Зона

Мясников Алексей

Обыск, арест, тюрьма — такова была участь многих инакомыслящих вплоть до недавнего времени. Одни шли на спецзоны, в политлагеря, других заталкивали в камеры с уголовниками «на перевоспитание». Кто кого воспитывал — интересный вопрос, но вполне очевидно, что свершившаяся на наших глазах революция была подготовлена и выстрадана диссидентами. Кто они? За что их сажали? Как складывалась их судьба? Об этом на собственном опыте размышляет и рассказывает автор, социолог, журналист, кандидат философских наук — политзэк 80-х годов.

Помните, распевали «московских окон негасимый свет»? В камере свет не гаснет никогда. Это позволило автору многое увидеть и испытать из того, что сокрыто за тюремными стенами. И у читателя за страницами книги появляется редкая возможность войти в тот потаенный мир: посидеть в знаменитой тюрьме КГБ в Лефортово, пообщаться с надзирателями и уголовниками Матросской тишины и пересылки на Красной Пресне. Вместе с автором вы переживете всю прелесть нашего правосудия, а затем этап — в лагеря. Дай бог, чтобы это никогда и ни с кем больше не случилось, чтобы никто не страдал за свои убеждения, но пока не изжит произвол, пока существуют позорные тюрьмы — мы не вправе об этом не помнить.

Книга написана в 1985 году. Вскоре после освобождения. В ссыльных лесах, тайком, под «колпаком» (негласным надзором). И только сейчас появилась реальная надежда на публикацию. Ее объем около 20 п. л. Это вторая книга из задуманной трилогии «

Лютый режим

». Далее пойдет речь о лагере, о «вольных» скитаниях изгоя — по сегодняшний день. Автор не обманет ожиданий читателя. Если, конечно, Москва-река не повернет свои воды вспять…

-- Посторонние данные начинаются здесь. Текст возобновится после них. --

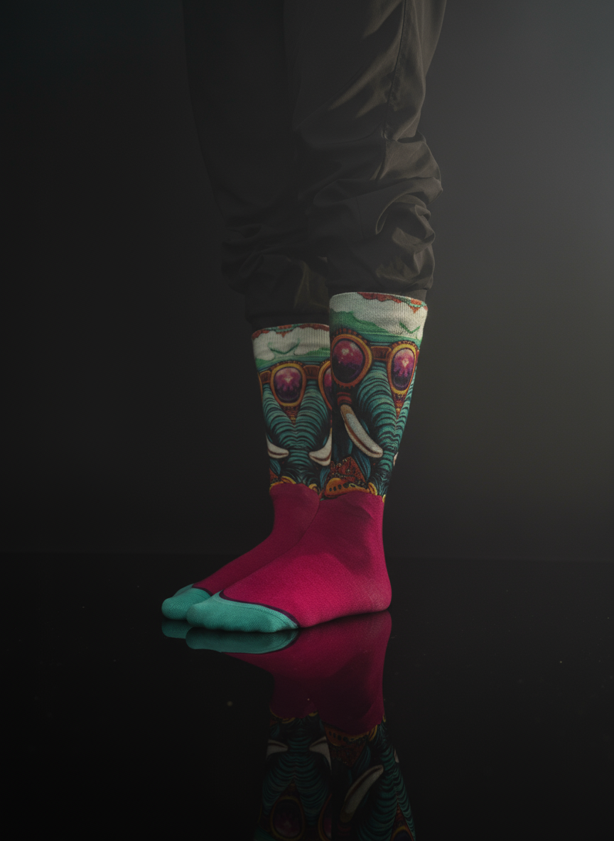At its center: an ancient elephant head, wrapped in tribal patterns and deep hues of teal, orange, and violet.

Есть четыре режима существования:

общий, усиленный, строгий, особый.

Общий обычно называют лютым.

«Столыпин»

Арестантский вагон: клетки вдоль коридора. Клетка-купе не на четверых, как обычно, — на пять, от силы на шесть. Две полки снизу, наверху сплошные нары с дырой для лазания. Нас ехало 12 человек. По двое на нижних полках валетом, восемь на ребрах, как в шпротной банке, вверху. В вагоне нашего брата, сказывают, человек 80. В крайней дальней клетке несколько баб. Где-то рядом с ними солдатское купе. И прапорщик. Слышен гогот оттуда.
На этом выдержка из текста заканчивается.